I had no objection. Far from it. I seized the chance to annihilate him with my perspicacity. All I said was, “Who goes first?”
“We’ll toss for it!” said the gambler and flicked a florin in the air.
I called heads and won. With a smile I said, “I’m to be entirely frank in giving my opinion of you?”
“Altogether and entirely—with no offense given or taken on either side!”
“Very well.” I lit a cigar. “I think you’re the black sheep of your respectable Dublin family. You say you own two restaurants in Manhattan but I think your money comes not from the dining rooms but from the gambling halls—and worse—upstairs. Perhaps you have other interests too which are equally dubious because I think you’ve got the nerve and the flair and the sheer amoral greed to sail dangerously close to the wind in your business ventures and emerge unscathed. Some men are born criminals. I believe you’re one of them. Crime really does pay for men like you. You have the well-oiled veneer of a man who’s constantly on the receiving end of glittering dividends.”
He roared with laughter and drank a glass of port straight off. “Oh, for shame!” he said. “And me an innocent man who goes to Mass every Sunday!” Then he poured himself some more port and leaned forward with his forearms on the table. He was still smiling. “And now,” he said, “we come to you.”
I was unperturbed. What could he say? I was impregnable behind the massive walls of my success, and it was inconceivable that he could reduce them to ruins.

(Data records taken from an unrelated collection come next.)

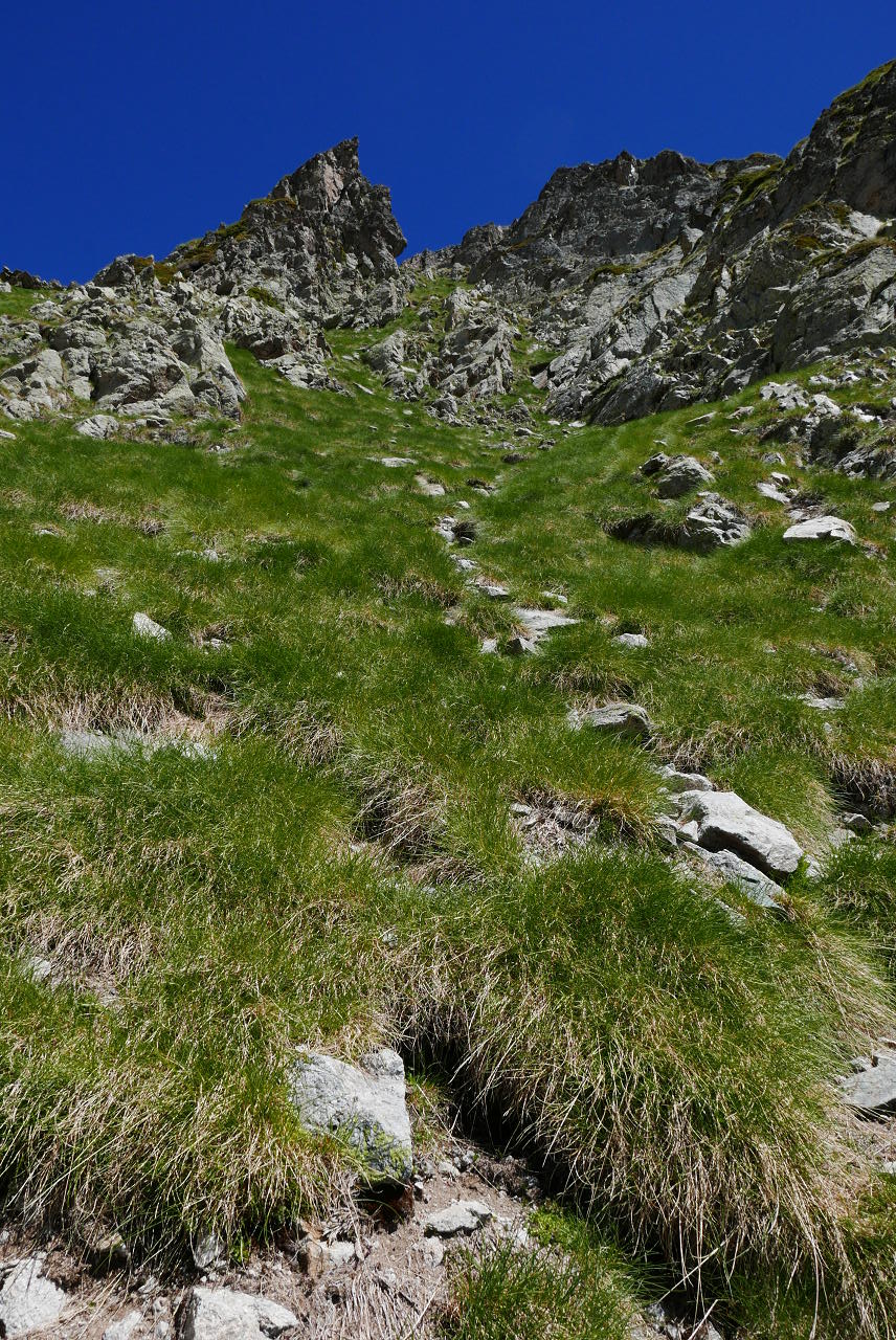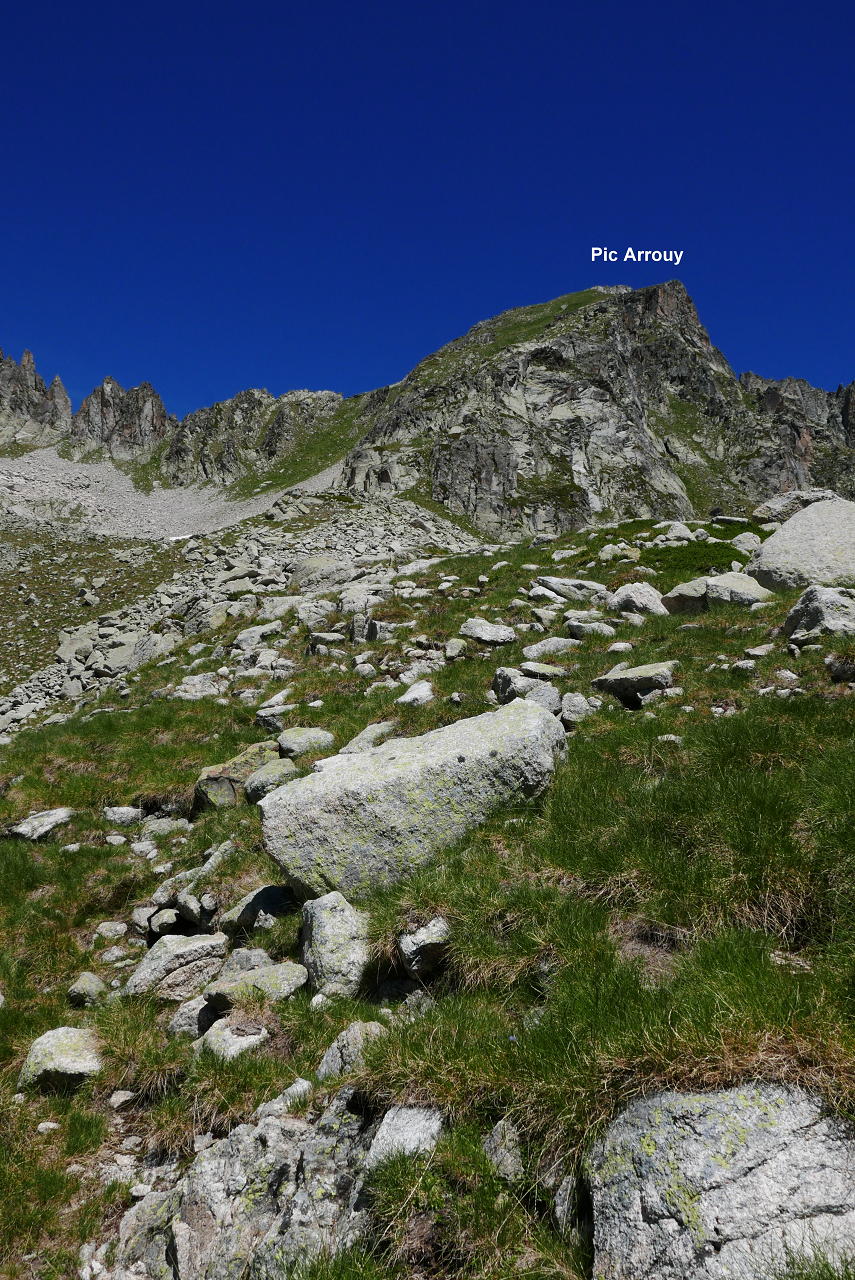 Dejo la senda y me dirijo a la derecha por la orilla del lago, teniendo que abandonar la orilla para subir el lomo herboso a mi derecha donde encuentro hitos. El lomo me lleva a introducirme en una canal herbosa y con pedreras, a la izquierda del espolón rocoso que tengo enfrente. Subo por la derecha de esta canal, pegado a la pared. Tras una parte de pedrera se convierte en canal herbosa con mucha pendiente, que asciende hasta una especie de collado al SW del Pic Arrouy que se continúa hacia la amenazante cresta Aiguilles du Pic Arrouy.
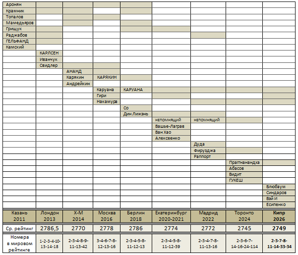 В целом, я думаю, что Фаби и Хикару относятся к первому уровню. Прагг и Аниш — ко второму. Что касается остальных игроков, я не думаю, что у них есть опыт участия в отборочных этапах, а это очень важно.
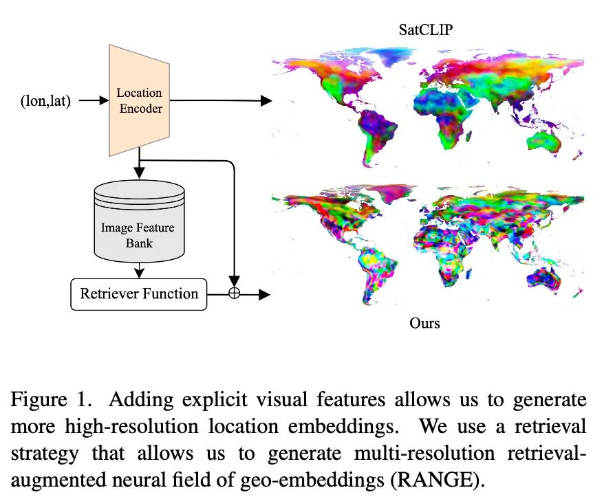 Modern geospatial AI relies on location-image alignment, but what if your model could predict what a place looks like — without seeing it? RANGE taps into the power of retrieval to approximate rich visual features and boost geolocation-based predictions.

“I look at you,” said this gambler, this criminal, this personification of all my misery, “and what do I see? I see a tough customer who’s made a career of grabbing what he wants and profiting out of it. You have as much amoral greed as I have but you cover it up by masquerading as an English gentleman—ah yes, you may be Welsh by birth, Robert Godwin, but it’s an Englishman you are through and through and like all Englishmen you think you should be top dog. And being top dog means getting what you believe is owing to you—money, power, fame, fortune … and women. But you don’t think of women as women, do you? You see them as prizes—glittering dividends, if I may quote your own phrase against you—but the prize you’ve always wanted, Robert Godwin, is the prize you can never win, and that’s why you’re sitting there, God help you, hating my guts and wishing I was dead. Ah, to be sure it’s a terrible tragedy you’ve suffered! To lose your best prize to another man would be enough to break your heart—but to lose your best prize to an Irishman must be enough to destroy your English soul entirely! How can you dine with me and feign friendship? I swear I’d find your pride contemptible if I didn’t already find it so pathetic!”